THE PROBLEM: The answer is the first line of the listing and every line after it through the one containing "A comprehensive review", exact, with pictures removed.

━━━━━ EXTRACTED RECORDS ━━━━━

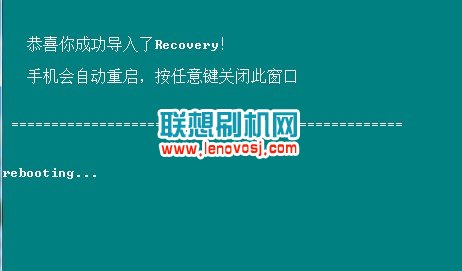 4、刷入時間一般在10秒左右,會提示您recovery刷入成功;然後手機會重啟進入recovery,如下所示:
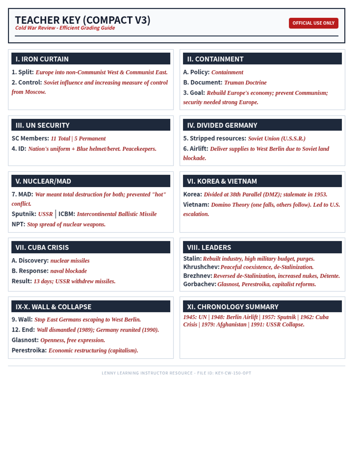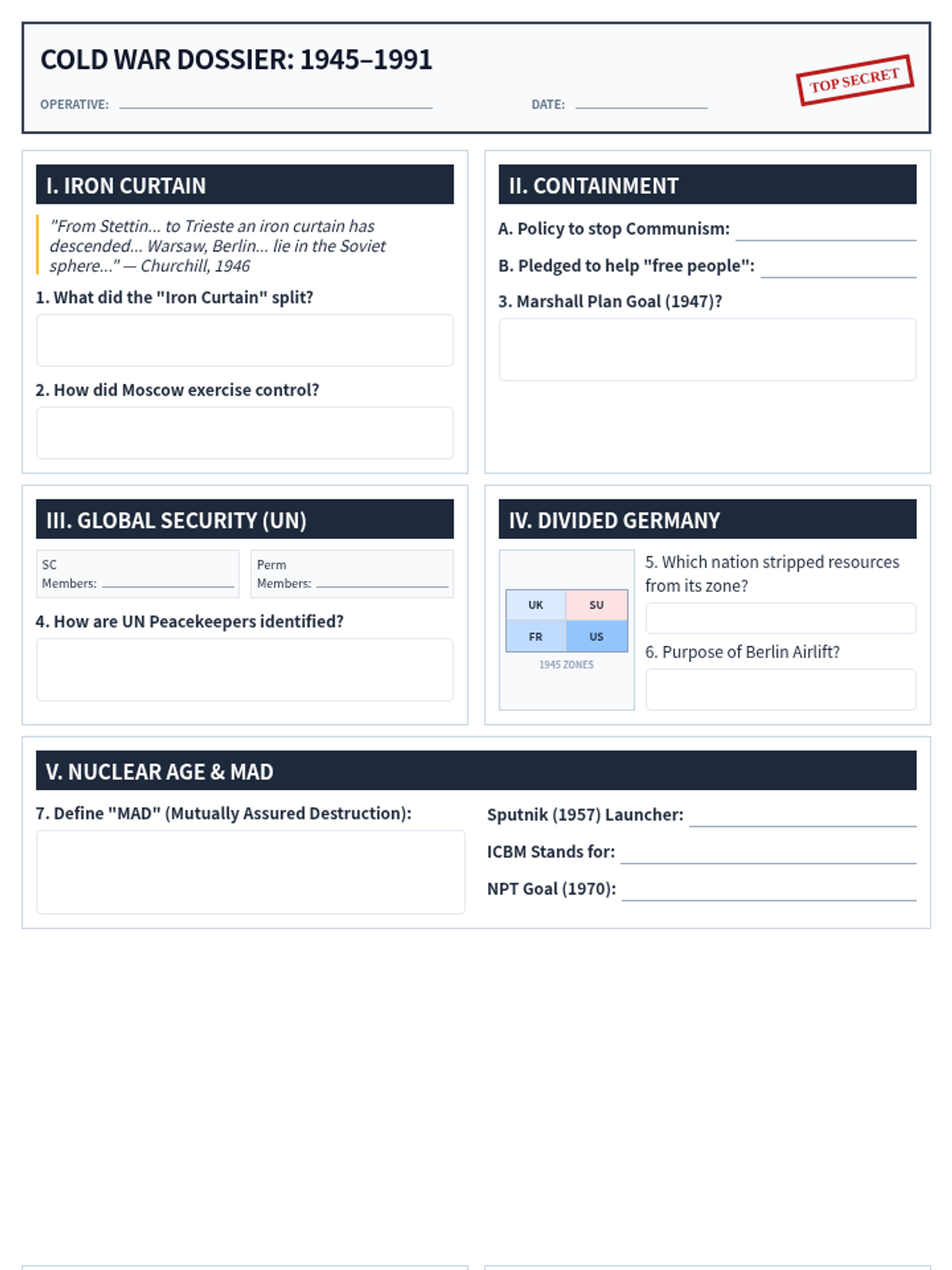 A comprehensive review of the Cold War era (1945–1991), focusing on key leaders, proxy wars, nuclear tension, and the eventual collapse of the Soviet Union. Includes a detailed student dossier assignment and teacher answer key.
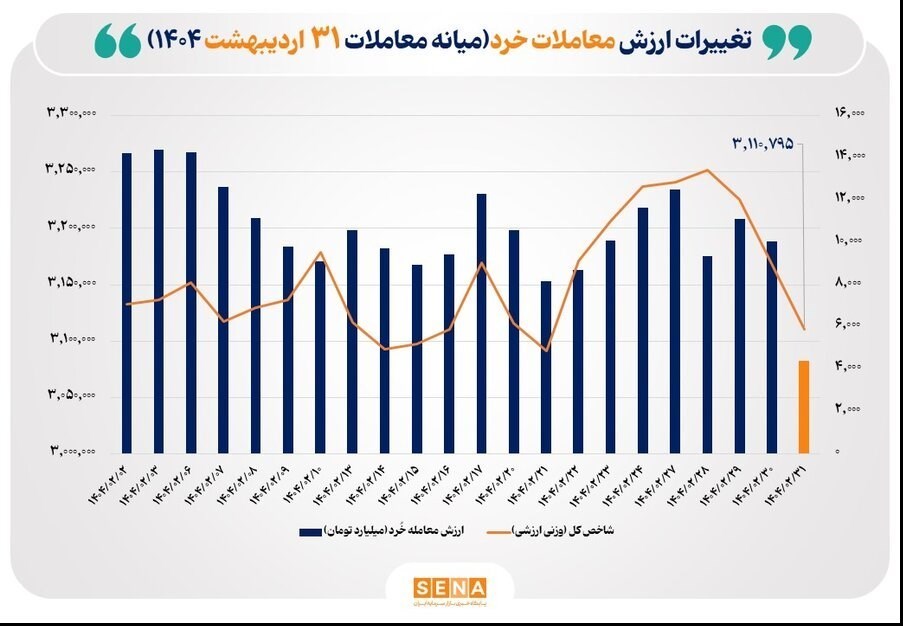 عصر بازار- بر اساس دادههای آماری اداره تحلیلهای اقتصادی و ریسک سازمان بورس و اوراق بهادار، ارزش معاملات خُرد سهام تا نیمه معاملات امروز چهارشنبه ۳۱ اردیبهشت از مرز ۴ همت عبور کرد.
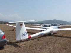 15 pm. Today's tail wind, 6 to 9 knots, forced us to grid the glider's real, real tight so as to maximize the TORA (Take Off Run Avaiable) 12 am. Today we have wind from South/West. Only in South East of the task’s area there will be good thermal activity with cumulus above 4.000 m. Good SW winds North of the task’s area; weak winds from SW with Adriatic sea breezes in the SE area. Probably wave of SW wind. Thermal activity will probabily decrease at 5 pm LT in the center area, at 6 pm LT over t...
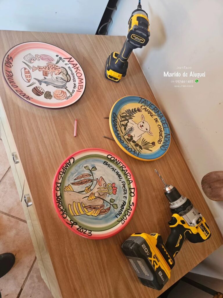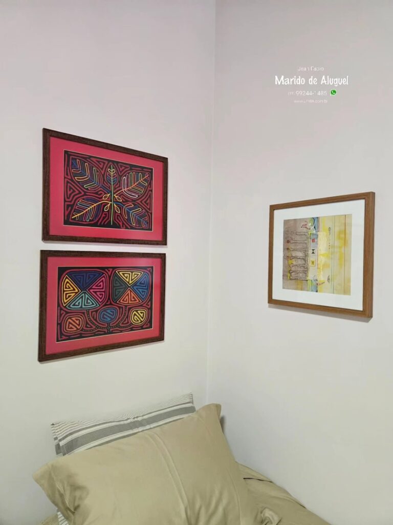 Nessa casa eu fiz a instalação de vários quadros na parede, em diversos cômodos.

━━━━━

TASK ANSWER:
 4、刷入時間一般在10秒左右,會提示您recovery刷入成功;然後手機會重啟進入recovery,如下所示:
 A comprehensive review of the Cold War era (1945–1991), focusing on key leaders, proxy wars, nuclear tension, and the eventual collapse of the Soviet Union. Includes a detailed student dossier assignment and teacher answer key.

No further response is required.